GOAL OF THE EXERCISE
Lines from the one containing "Největší klasika mezi" through the end of the listing are what is wanted, given again exactly with both ends included and pictures left out.

INPUT

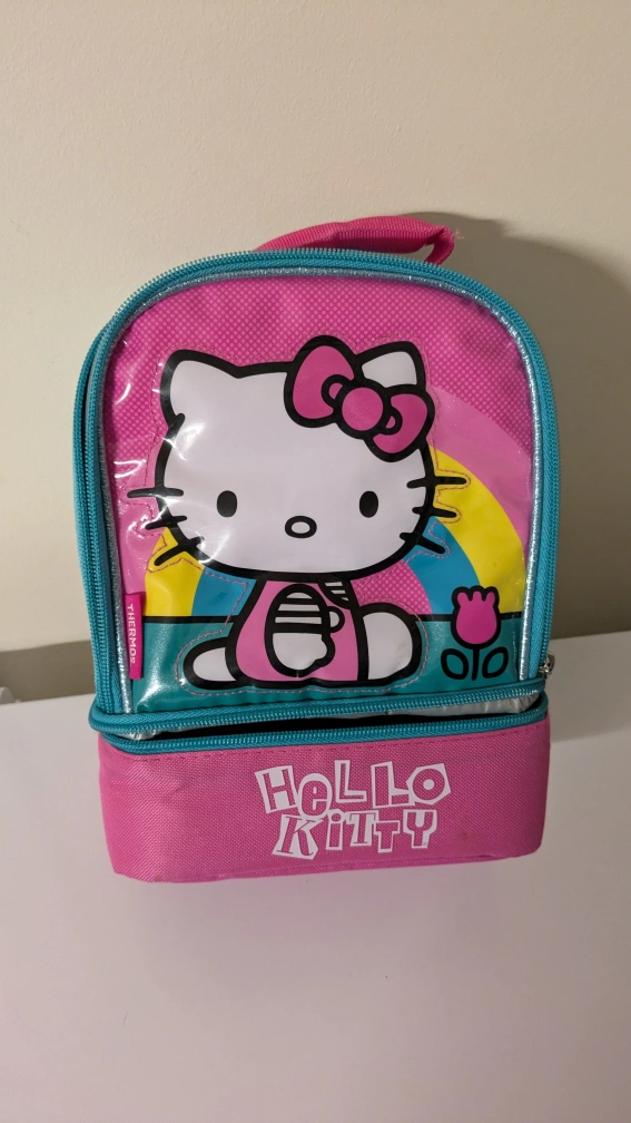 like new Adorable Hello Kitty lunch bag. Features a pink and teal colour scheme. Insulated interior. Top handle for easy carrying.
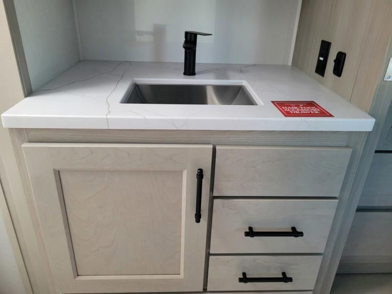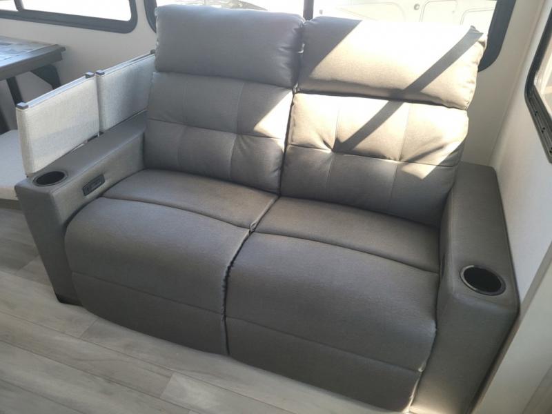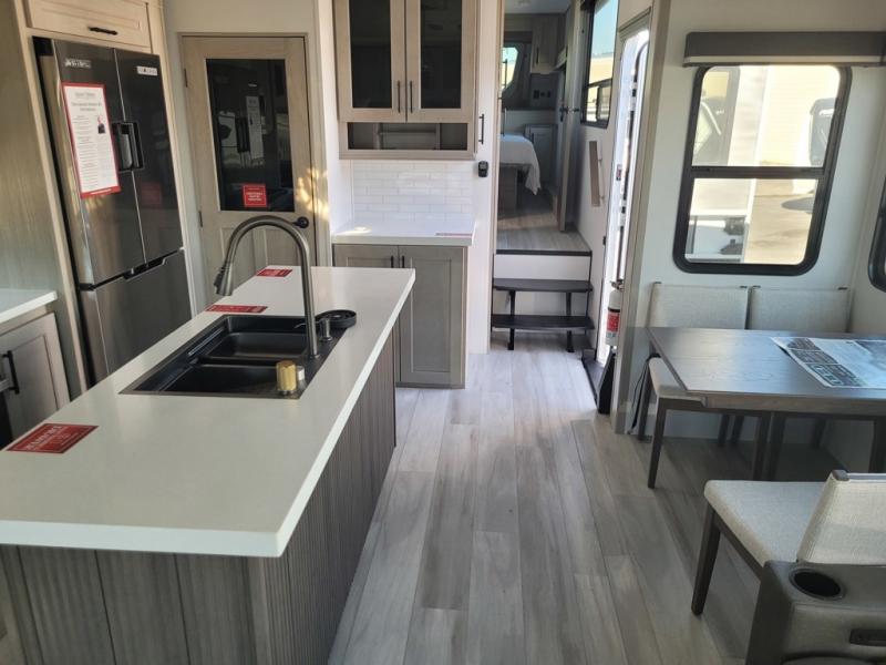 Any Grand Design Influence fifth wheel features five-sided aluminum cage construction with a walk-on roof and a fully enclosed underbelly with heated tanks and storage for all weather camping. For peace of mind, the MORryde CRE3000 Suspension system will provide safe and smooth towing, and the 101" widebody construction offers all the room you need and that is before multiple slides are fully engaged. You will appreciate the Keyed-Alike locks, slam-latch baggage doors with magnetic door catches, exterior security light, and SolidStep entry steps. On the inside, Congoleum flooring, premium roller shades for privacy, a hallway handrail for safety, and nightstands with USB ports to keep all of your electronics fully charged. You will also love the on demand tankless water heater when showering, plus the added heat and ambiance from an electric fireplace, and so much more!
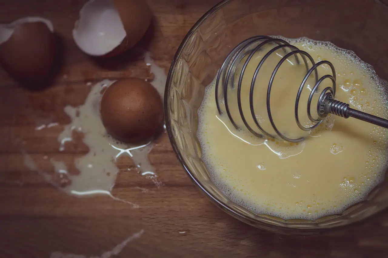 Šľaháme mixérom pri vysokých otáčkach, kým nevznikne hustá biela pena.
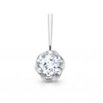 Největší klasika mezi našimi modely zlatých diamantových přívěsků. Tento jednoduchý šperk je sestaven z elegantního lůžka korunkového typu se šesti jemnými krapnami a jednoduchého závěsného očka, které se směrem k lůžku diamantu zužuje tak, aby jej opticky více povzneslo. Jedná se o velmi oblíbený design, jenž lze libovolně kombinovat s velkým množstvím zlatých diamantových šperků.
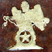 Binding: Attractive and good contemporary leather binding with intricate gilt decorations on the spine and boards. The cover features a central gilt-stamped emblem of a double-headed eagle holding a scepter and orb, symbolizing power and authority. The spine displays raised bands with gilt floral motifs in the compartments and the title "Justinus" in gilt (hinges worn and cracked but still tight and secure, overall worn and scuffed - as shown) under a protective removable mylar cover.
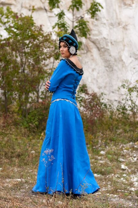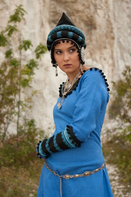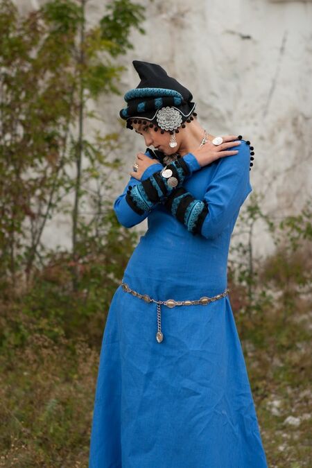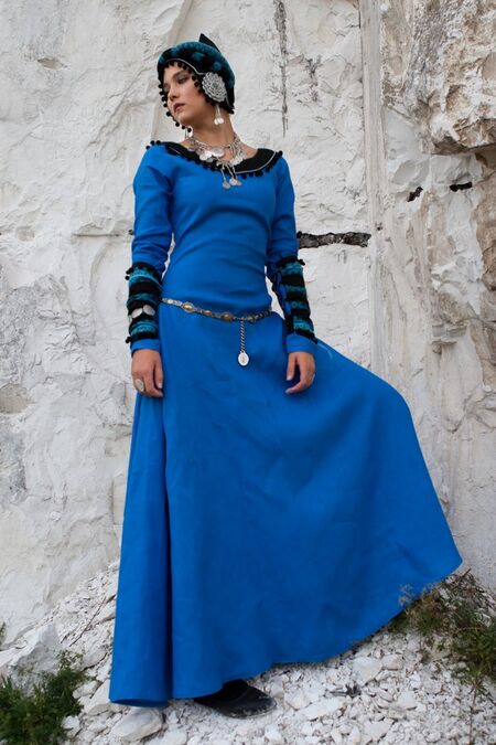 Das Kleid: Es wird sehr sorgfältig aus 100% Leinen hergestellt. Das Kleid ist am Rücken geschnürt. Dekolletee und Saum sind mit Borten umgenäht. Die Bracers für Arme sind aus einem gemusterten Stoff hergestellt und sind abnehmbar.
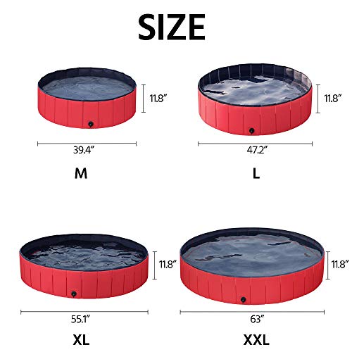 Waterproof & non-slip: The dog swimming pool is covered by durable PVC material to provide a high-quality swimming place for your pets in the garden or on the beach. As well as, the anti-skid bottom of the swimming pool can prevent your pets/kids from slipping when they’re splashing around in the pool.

RESULT OF THE TASK
 Největší klasika mezi našimi modely zlatých diamantových přívěsků. Tento jednoduchý šperk je sestaven z elegantního lůžka korunkového typu se šesti jemnými krapnami a jednoduchého závěsného očka, které se směrem k lůžku diamantu zužuje tak, aby jej opticky více povzneslo. Jedná se o velmi oblíbený design, jenž lze libovolně kombinovat s velkým množstvím zlatých diamantových šperků.
 Binding: Attractive and good contemporary leather binding with intricate gilt decorations on the spine and boards. The cover features a central gilt-stamped emblem of a double-headed eagle holding a scepter and orb, symbolizing power and authority. The spine displays raised bands with gilt floral motifs in the compartments and the title "Justinus" in gilt (hinges worn and cracked but still tight and secure, overall worn and scuffed - as shown) under a protective removable mylar cover.
 Das Kleid: Es wird sehr sorgfältig aus 100% Leinen hergestellt. Das Kleid ist am Rücken geschnürt. Dekolletee und Saum sind mit Borten umgenäht. Die Bracers für Arme sind aus einem gemusterten Stoff hergestellt und sind abnehmbar.
 Waterproof & non-slip: The dog swimming pool is covered by durable PVC material to provide a high-quality swimming place for your pets in the garden or on the beach. As well as, the anti-skid bottom of the swimming pool can prevent your pets/kids from slipping when they’re splashing around in the pool.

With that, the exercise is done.